## Task directions:
Starting at the line that contains "Номер небольшой, уютный, мне", transcribe each line exactly through the end of the data below, and skip any pictures.

## Data excerpt:
_ _ _ _ _ _ _
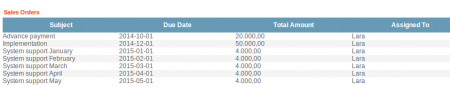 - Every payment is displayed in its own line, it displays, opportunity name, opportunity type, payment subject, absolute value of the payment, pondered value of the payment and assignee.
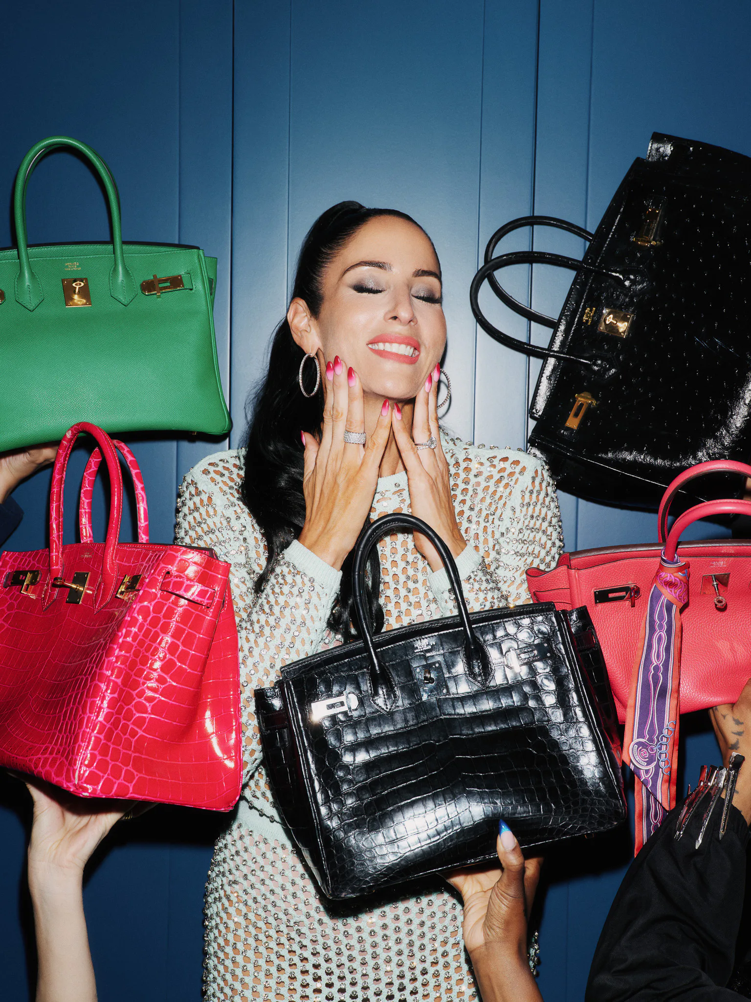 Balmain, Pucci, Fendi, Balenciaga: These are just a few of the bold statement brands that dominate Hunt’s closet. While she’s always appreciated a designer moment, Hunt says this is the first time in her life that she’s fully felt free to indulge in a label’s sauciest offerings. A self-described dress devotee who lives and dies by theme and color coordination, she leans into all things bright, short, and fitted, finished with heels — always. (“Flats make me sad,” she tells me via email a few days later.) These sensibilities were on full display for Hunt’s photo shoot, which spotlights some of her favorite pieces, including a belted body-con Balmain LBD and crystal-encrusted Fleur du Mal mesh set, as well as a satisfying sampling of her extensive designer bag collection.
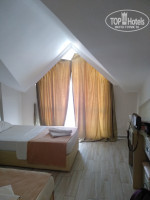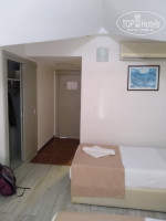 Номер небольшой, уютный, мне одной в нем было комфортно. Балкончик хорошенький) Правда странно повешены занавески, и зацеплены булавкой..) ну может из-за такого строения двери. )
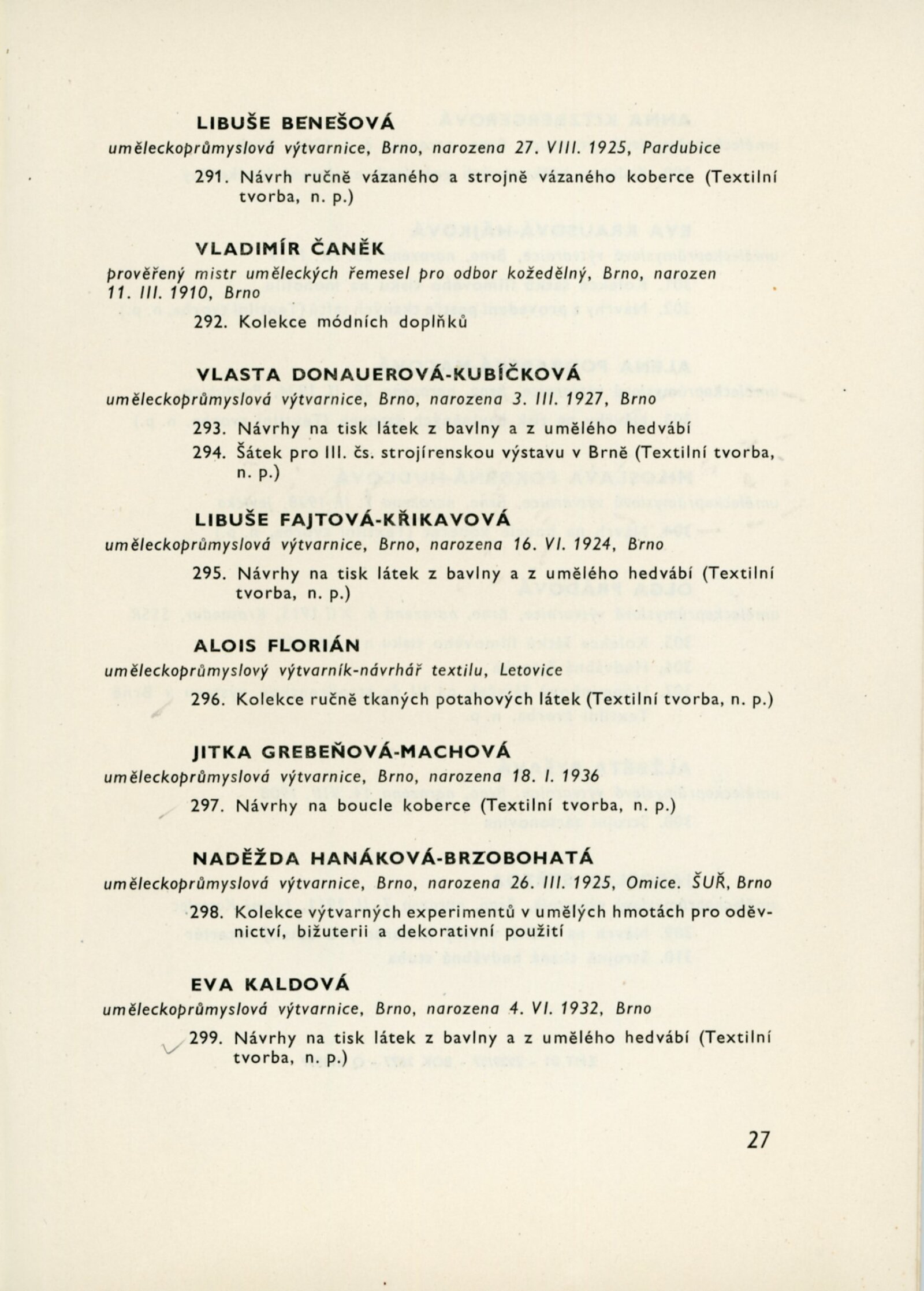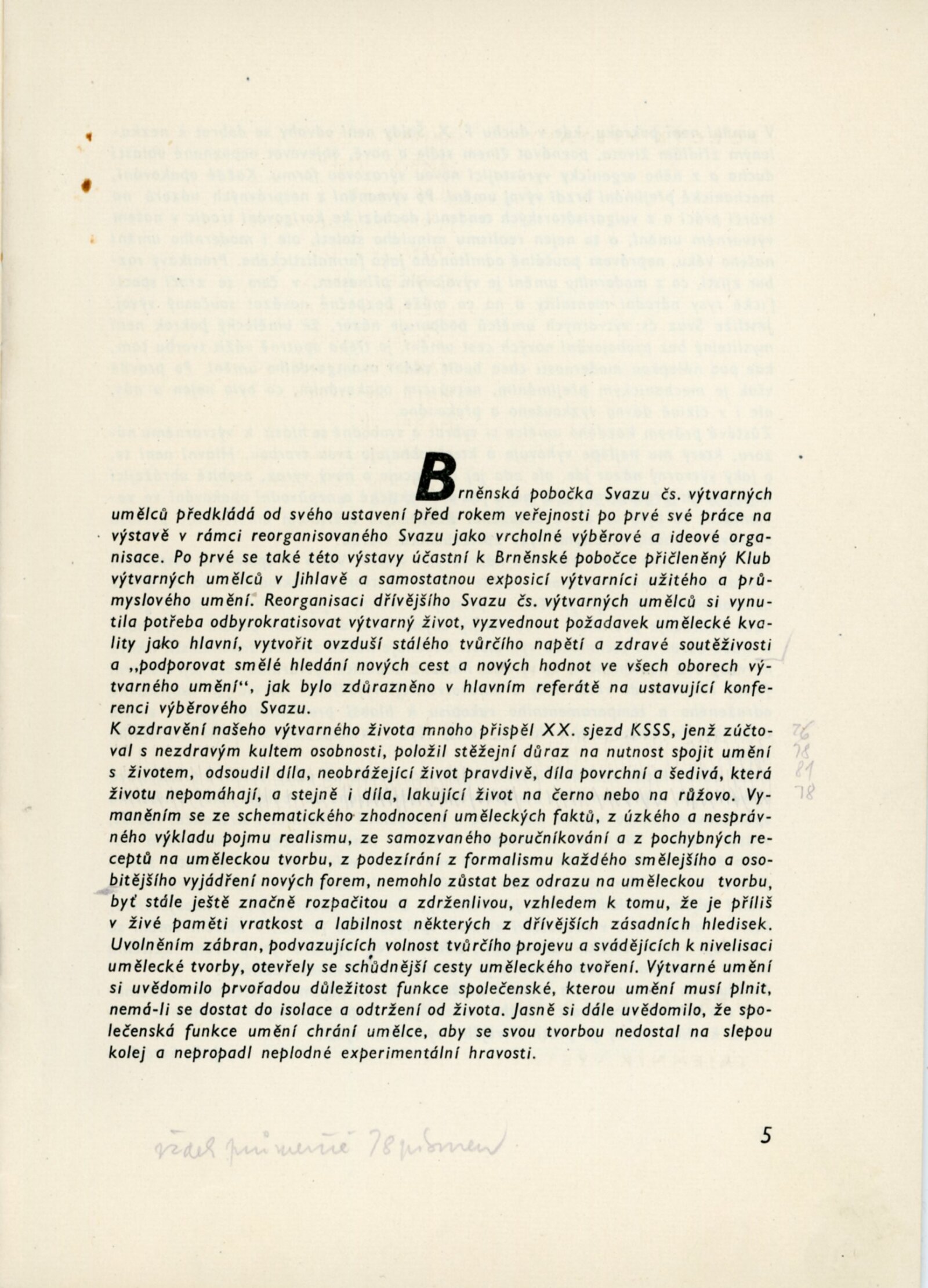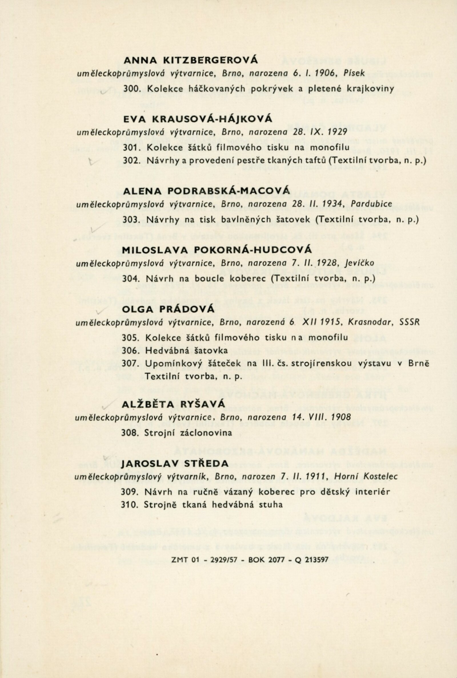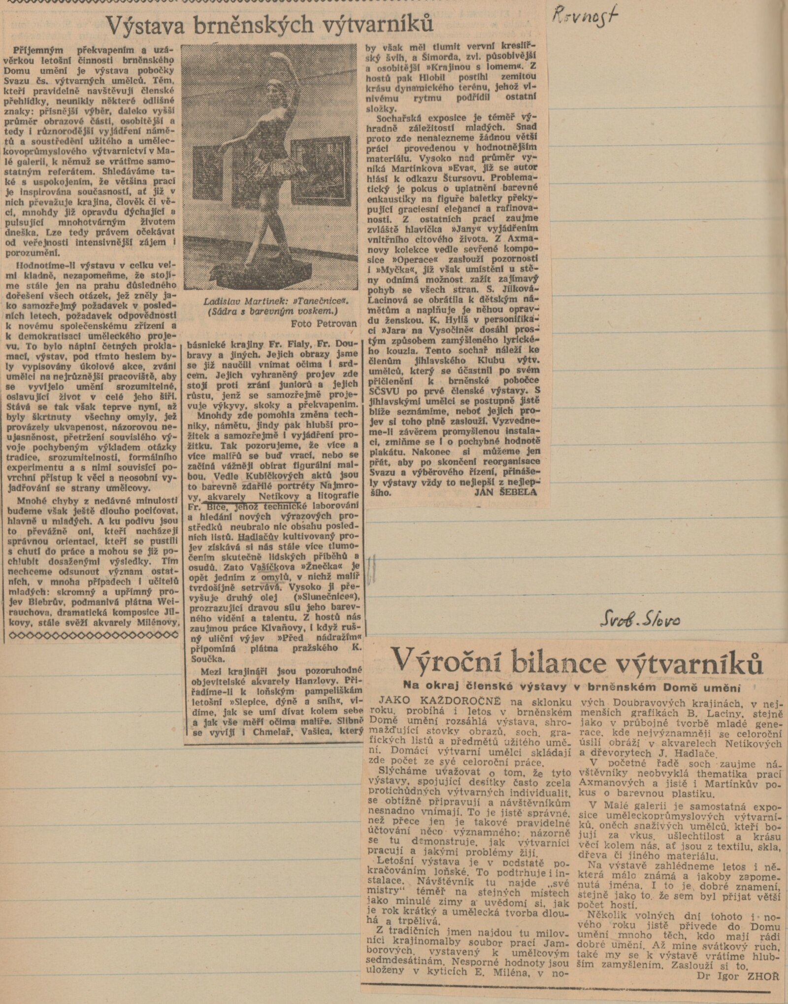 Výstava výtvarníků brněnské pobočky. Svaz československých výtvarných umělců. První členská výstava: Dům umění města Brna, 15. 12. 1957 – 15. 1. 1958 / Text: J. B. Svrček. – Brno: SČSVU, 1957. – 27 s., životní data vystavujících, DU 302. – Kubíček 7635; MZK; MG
_ _ _ _ _ _ _
## Written solution:
 Номер небольшой, уютный, мне одной в нем было комфортно. Балкончик хорошенький) Правда странно повешены занавески, и зацеплены булавкой..) ну может из-за такого строения двери. )
 Výstava výtvarníků brněnské pobočky. Svaz československých výtvarných umělců. První členská výstava: Dům umění města Brna, 15. 12. 1957 – 15. 1. 1958 / Text: J. B. Svrček. – Brno: SČSVU, 1957. – 27 s., životní data vystavujících, DU 302. – Kubíček 7635; MZK; MG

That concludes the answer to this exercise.